Storage directory-like hierarchies may group data together in collections or by rights-holder on similar paths; to aid in moving data between services using file-system tools (unlike approaches which completely obscure all meaning in paths using hash algorithms, for reasons such as optimising the storage address space).

However, to avoid ambiguity in implementing Protocol 1.2.2 a specification, for example OCFL, may require that object paths on the storage root must not be nested within each other.

Deciding on the granularity of objects Protocol 1.2 involves considering a number of factors:

Files with the same licensing conditions for re-use should be grouped together
If some content may need to be withdrawn or withheld for cultural, ethical or legal reasons, then objects should be packaged so that this can be done without having create new versions of objects

Applications notes

Regarding Protocol 1.7: Ideally this something that should not be necessary, but if not then work to bring systems into line with PILARS: - Don’t design or build systems that don’t have this exit pathway designed from the start - Don’t place data in systems that don’t have this already, and - Work to add this straight away if existing systems don’t have this.

Protocol 1.3 (that an ID resolution method is in place and documented) ensures that data can be referenced remotely and inter-object relationships within a repository are supported (this supports Protocol 2.5 this means a Storage Object can be located without requiring the repository to be indexed using the ID-to-path algorithm.

The Oxford Common File Layout (OCFL) specification was developed to support a similar set of requirements to Protocol 1 and is being widely implemented in repository and digital library systems. LDaCA uses OCFL and has demonstrated that it works at the scale of tens of thousands of objects and millions of files.

OCFL is a compliant implementation solution for Protocol 1 to ensure data portability

A simpler alternative storage based on different standards would be to: - Use a directory hierarchy on a POSIX-compliant storage system

Signal that directory is a Storage Object Protocol 1.2 by the presence of a BagIt manifest in a directory
BagIt files nested below this Storage Object would not be considered Storage Objects in their own right in the context of the repository
BagIt provides checksums as per 2.4 Store checksum-metadata in a documented standard format alongside data to help ensure data integrity
Use a documented and implementable algorithm to map object IDs to a path and store a summary in the root of the directory hierarchy

Note that neither this example using BagIt nor OCFL implement Protocol 2

Metadata Standards and Specifications - Protocol 2

Why is Linked Data Metadata required?

Linked Data allows:

Any conceivable data structure to be described in metadata, and there is no limit to the size and scope of the description.
Extensibility: vocabularies to be mixed in as needed; from a core set for all data to domain-specific to project or even dataset-specific terms; this can be formalised using Profiles.
Interoperability with contemporary global research information systems architectures, discovery services etc.
Inter-object relationships to be expressed – so that the physical storage layout does not define the only way that resources can be explored.

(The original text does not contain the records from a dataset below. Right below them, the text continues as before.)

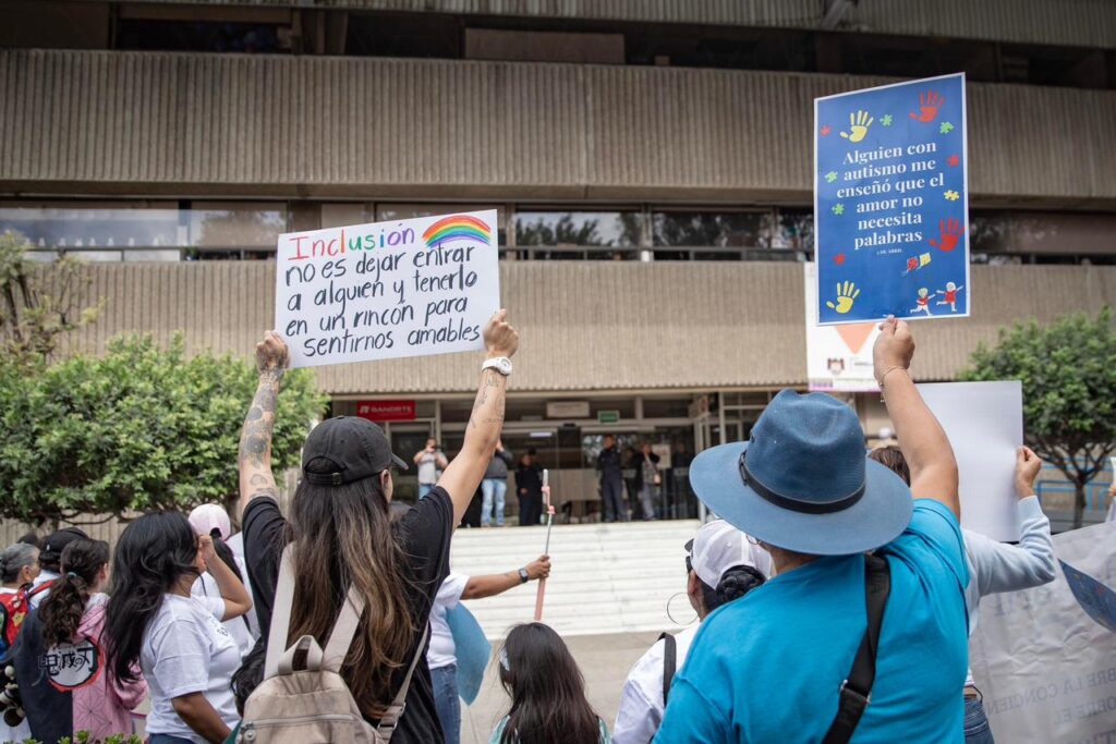 Durante la movilización, los participantes portaron pancartas con mensajes como “El futuro será inclusivo”, “La diversidad nos hace únicos, el respeto nos hace humanos” y “¿Los adultos que exigen que los niños regulen su conducta ya dominan la suya?”, en alusión a los constantes juicios sociales hacia menores con autismo.
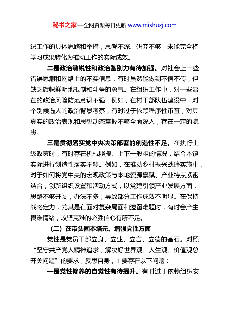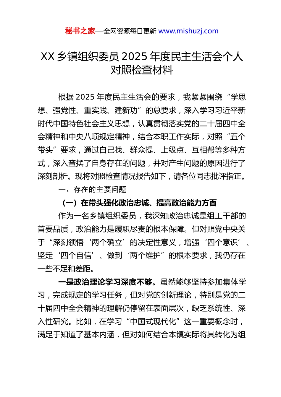 秘书之家—全网资源每日更新 www.mishuzj.comXX 乡镇组织委员 2025 年度民主生活会个人对照检查材料根据 2025 年度民主生活会的要求,我紧紧围绕“学思想、强党性、重实践、建新功”的总要求,深入学习习近平新时代中国特色社会主义思想,认真贯彻落实党的二十届四中全会精神和中央八项规定精神,结合本职工作实际,对照“五个带头”要求,通过自己找、群众提、上级点、互相帮等多种方式,深入查摆了自身存在的问题,并对产生问题的原因进行了深刻剖析。现将对照检查情况报告如下,请各位同志批评指正。一、存在的主要问题(一)在带头强化政治忠诚、提高政治能力方面作为一名乡镇组织委员,我深知政治忠诚是组工干部的首要品质,政治能力是履职尽责的根本保障。但对照党中央关于“深刻领悟‘两个确立’的决定性意义,增强‘四个意识’、坚定‘四个自信’、做到‘两个维护”的根本要求,我仍存在一些不足和差距。一是政治理论学习深度不够。虽然能够坚持参加集体学习,完成规定的学习任务,但对党的创新理论,特别是党的二十届四中全会精神的理解仍停留在表面层次,缺乏系统性、深入性研究。比如,在学习“中国式现代化”这一重要概念时,满足于知道了基本内涵,但对如何结合本镇实际将其转化为组秘书之家—全网资源每日更新 www.mishuzj.com织工作的具体思路和举措,思考不深、研究不够,未能完全将学习成果转化为推动工作的实际成效。二是政治敏锐性和政治鉴别力有待加强。对社会上一些错误思潮和网络上的不实信息,有时虽然能做到不信不传,但缺乏旗帜鲜明地抵制和斗争的勇气。在组织工作中,对一些潜在的政治风险防范意识不强,例如,在村干部队伍建设中,对个别候选人的政治背景考察,有时过于依赖程序性审查,对其真实的政治表现和思想动态掌握不够全面深入,存在一定的隐患。三是贯彻落实党中央决策部署的创造性不足。在执行上级政策时,有时存在机械照搬、上下一般粗的情况,结合本镇实际进行创造性落实不够。例如,在推动乡村振兴战略实施中,对于如何将党中央的宏观政策与本地资源禀赋、产业特点紧密结合,创新组织设置和活动方式,以党建引领产业发展方面,思路不够开阔,办法不多,导致部分工作成效不明显。在保持战略定力,尤其是在面对复杂局面和遗留难题时,有时会产生畏难情绪,攻坚克难的必胜信心有所不足。(二)在带头固本培元、增强党性方面党性是党员干部立身、立业、立言、立德的基石。对照“坚守共产党人精神追求,解决好世界观、人生观、价值观总开关问题”的要求,反思自身,主要存在以下问题:一是党性修养的自觉性有待提升。有时过于依赖组织安秘书之家—全网资源每日更新 www.mishuzj.com排的学习教育活动,主动运用习近平新时代中国特色社会主义思想改造主观世界的积极性不够强。在繁重的基层事务性工作面前,静下心来研读党章党规党纪、重温党史、进行自我反思的时间被挤压,导致党性锤炼存在“雨过地皮湿”的现象,未能完全做到内化于心、外化于行。例如,在落实“三会一课”制度时,有时满足于完成规定动作,但在提升实际效果、真正触及思想灵魂方面下功夫不够。二是理想信念的根基需进一步夯实。随着工作年限增长,有时会不自觉地放松对自身的要求,艰苦奋斗的精神有所减退。虽然能够坚守廉洁底线,但在思想深处,有时也会受到社会上一些功利化、庸俗化观念的影响,对比焦裕禄、孔繁森等先进先辈,在“心中装着全体人民,唯独没有他自己”的公仆情怀和无私奉献精神方面,还存在较大差距。解决“总开关”问题是一个持续的过程,自我反思不够深入,未能时常对照先锋先进审视自身思想变化轨迹。三是宗旨意识践行不够到位。虽然主观上想为群众办实事,但有时深入基层、深入群众不够,坐在办公室听汇报、看材料多,主动下沉到田间地头、农户家中,与群众面对面沟通交流、了解急难愁盼问题的时间相对不足。这导致有时制定的组织工作措施与群众实际需求存在偏差,服务群众的“最后一公里”未能完全打通。例如,在推动党员联系服务群众工作中,对机制设计考虑较多,但对实际效果跟踪问效不够,群众获得秘书之家—全网资源每日更新 www.mishuzj.c...
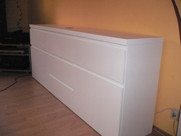Alle sichtbaren Elemente weiß lackiert, Schubkästen mit kugelgelagerten Vollauszügen und eingefrästen Griffleisten.
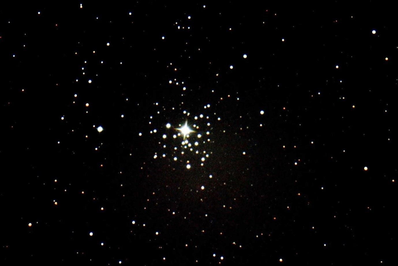 Messier 41 [1] which is a lovely cluster, which looks like the symbol of the Isle of Man, the triskelion - or perhaps a spider. However, although it is relatively bright (magnitude 4.5) and at least in theory easily located, I have had trouble finding it sometimes, probably a result of its low declination. It is about 190 million years old and 2,300 light years distant from us. If it were higher in the sky, it would be a splendid sight. Three degrees east (or left) of Muliphein is Caroline’s Cluster (Caldwell 58) [2], discovered by Caroline Herschel in 1783, which is dimmer and smaller than Messier 41. There is a group of stars surrounding Tau Canis Majoris [3], NGC 2362 or Caldwell 64, which lie on the boundary between multiple stars and a cluster. It is called the Mexican Jumping Bean, because if you look at it through a telescope and then knock its tube, the ring of stars round Tau CMa appear to wobble while the main star stays still. This is a persistence-of-vision effect similar to the Pendulum Star Enif (see
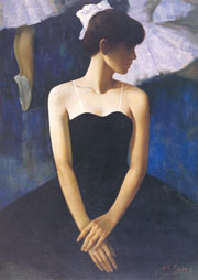 區楚堅擅長風景和肖像主題,他高度寫實的畫作裡經常蘊含有一份單純含蓄的生命之美。《黑天鵝》一作選擇了舞台上的一個剎那,以身著黑色舞衣頭部側向左下方的陰鬱身影,詮釋出別於光鮮亮麗舞台的一幕;而區楚堅那含蓄筆法中帶著跳躍感的筆觸,以及幽沉與明柔交互使用的色彩,不但刻畫出舞者的優美形象,其簡單的構圖與刻意平面化的空間處理,尤其突顯出主角獨特的心理狀態,和營造出一股虛實相生的神秘美感。完全呼應畫家所提及的「剛柔相濟」的美學主張。
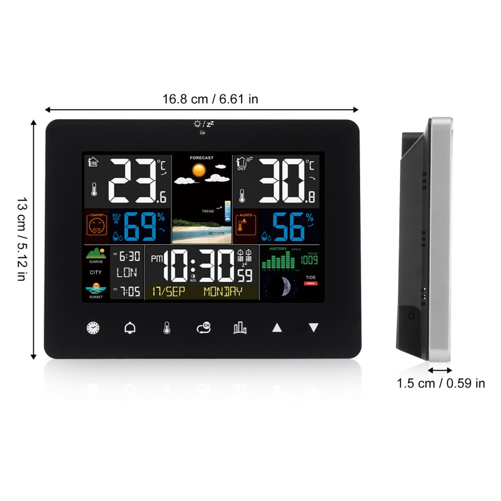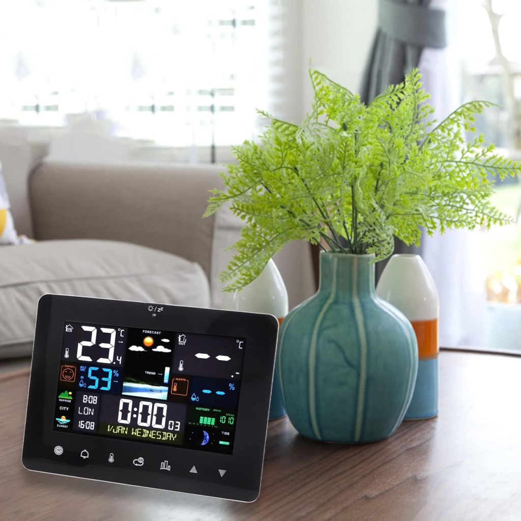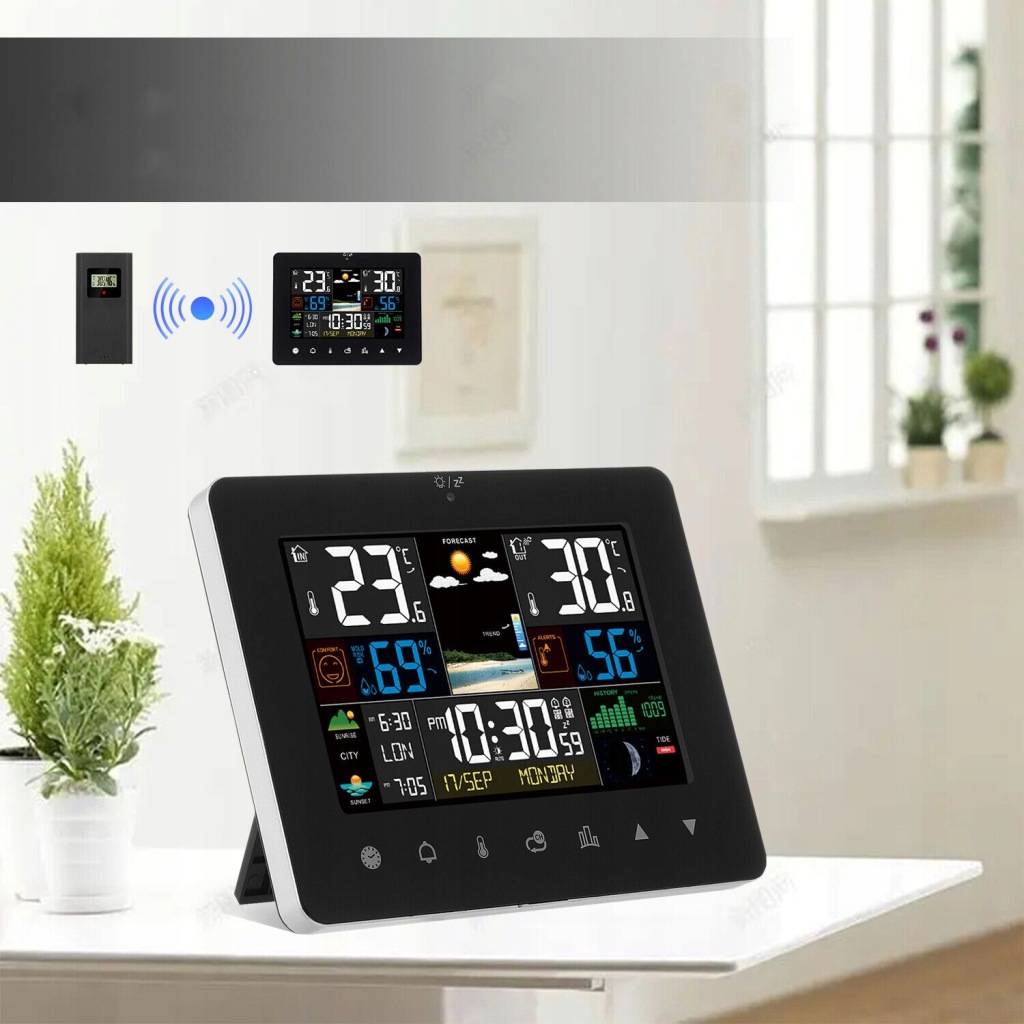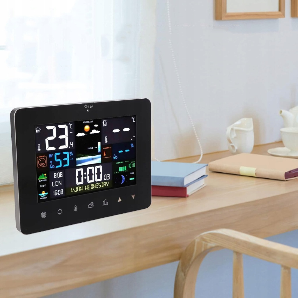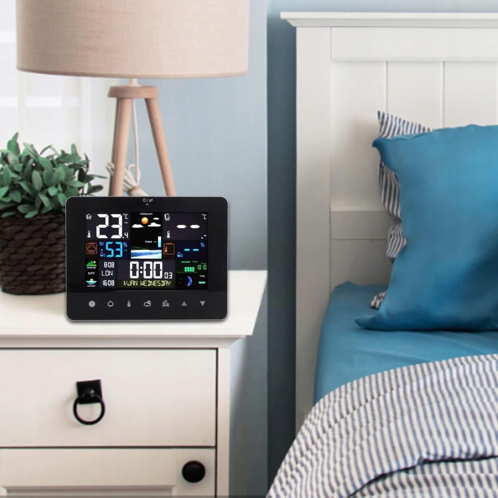 【【елегантний зовнішній вигляд】 метеостанція не тільки виглядає елегантно, але і чорний корпус і чіткий регульований кольоровий дисплей полегшують читання в нічний час.

NOTE: Linked data is often conflated with Open Access; the phrase Linked Open Data is very common. But the Linked Data principles can be applied to non-open access-controlled materials. Non-open materials have some impact on how catalogues and indexes are implemented; for example, using linked-data graphs such as triple stores that contain multiple items may make access-control-safe queries impossible to implement for reasons of complexity and performance; the reasoning to work out whether a particular metadata statement can be seen by a particular user could be very computationally expensive.

Vocabularies and metadata profiles

Communities can maintain schemas/vocabularies for specific domains (FAIR-R1.3) and to document metadata profiles.

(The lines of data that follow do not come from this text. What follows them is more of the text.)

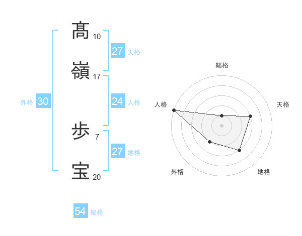 髙嶺 歩宝さんの総格は54画の1点!
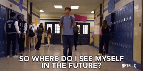A young man from Daybreak asks 'So where do I see myself in the future?' while walking in a school hallway.
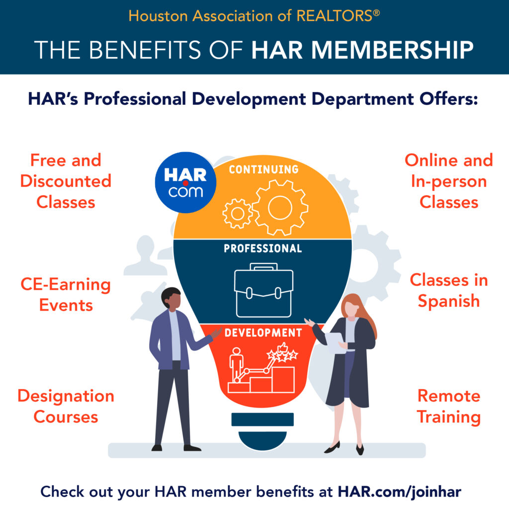 HAR’s award-winning Professional Development program equips members with the knowledge, skills, and designations needed to thrive in every stage of their careers. From nationally recognized certifications and specialty designations to innovative webinars, workshops, and leadership programs, we provide ongoing opportunities for REALTORS® to stay ahead of industry trends and deliver exceptional value to their clients. Our commitment to education ensures that HAR members remain trusted experts and leaders in the real estate community. To explore classes, designations, or schedule a remote training, click HERE.
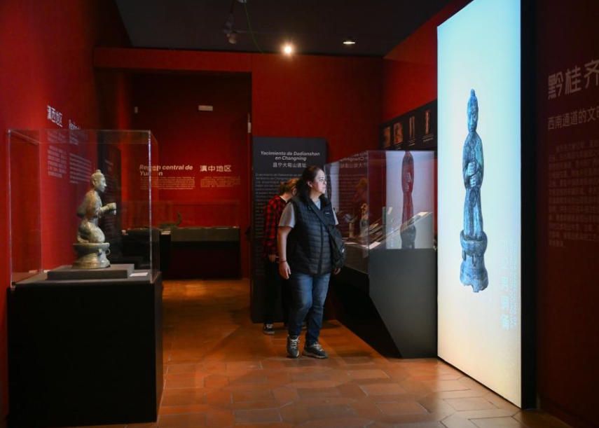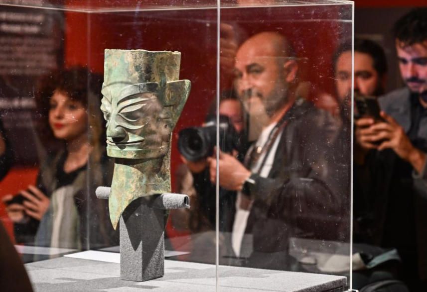 3月17日,在西班牙瓜达拉哈拉博物馆,人们参观中国西南地区青铜文明展。由中国国家文物局与西班牙卡斯蒂利亚—拉曼查自治区政府主办的中国西南地区青铜文明展3月17日在西班牙瓜达拉哈拉博物馆开幕,集中呈现中国古代西南地区多元灿烂的青铜文化和独具特色的社会生活图景。图片来源:新华网

Documenting a profile can be as simple as writing a natural-language document to describe what is expected in a particular context, but can be further codified using Linked Data Schemas (or Ontologies or Vocabularies), from which documentation and validation services may be derived.

Licenses

The FAIR principles mandate a license for data FAIR-R1.1

Licenses may be based on Copyright law, or rely on other mechanisms based on other rights (such as privacy or trade secrets). Licenses should reflect the will of rights holders, and will likely be administered, chosen or written by a data custodian or steward authorised to act on behalf of the rights holders, or by the rights holder themselves.

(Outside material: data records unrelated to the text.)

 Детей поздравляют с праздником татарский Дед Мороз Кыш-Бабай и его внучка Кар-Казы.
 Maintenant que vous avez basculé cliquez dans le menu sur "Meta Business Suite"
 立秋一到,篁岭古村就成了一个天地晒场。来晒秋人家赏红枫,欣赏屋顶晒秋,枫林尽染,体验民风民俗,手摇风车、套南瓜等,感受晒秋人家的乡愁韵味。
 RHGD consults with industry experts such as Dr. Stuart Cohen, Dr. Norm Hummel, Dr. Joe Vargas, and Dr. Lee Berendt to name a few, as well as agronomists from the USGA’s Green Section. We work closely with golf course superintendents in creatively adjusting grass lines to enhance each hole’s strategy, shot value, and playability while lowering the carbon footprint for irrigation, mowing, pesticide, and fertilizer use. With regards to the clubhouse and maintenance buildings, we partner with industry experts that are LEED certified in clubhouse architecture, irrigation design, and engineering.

It is important to have a license document independent of algorithms or configuration file(s) and independently of a particular authorization system that may be built into a software application. Implemented processes are, of course, needed to make data available, and may include some automation. But to make data truly portable across systems and time, it is essential that human-readable documentation is available in case authorization processes need to be rebuilt or redesigned.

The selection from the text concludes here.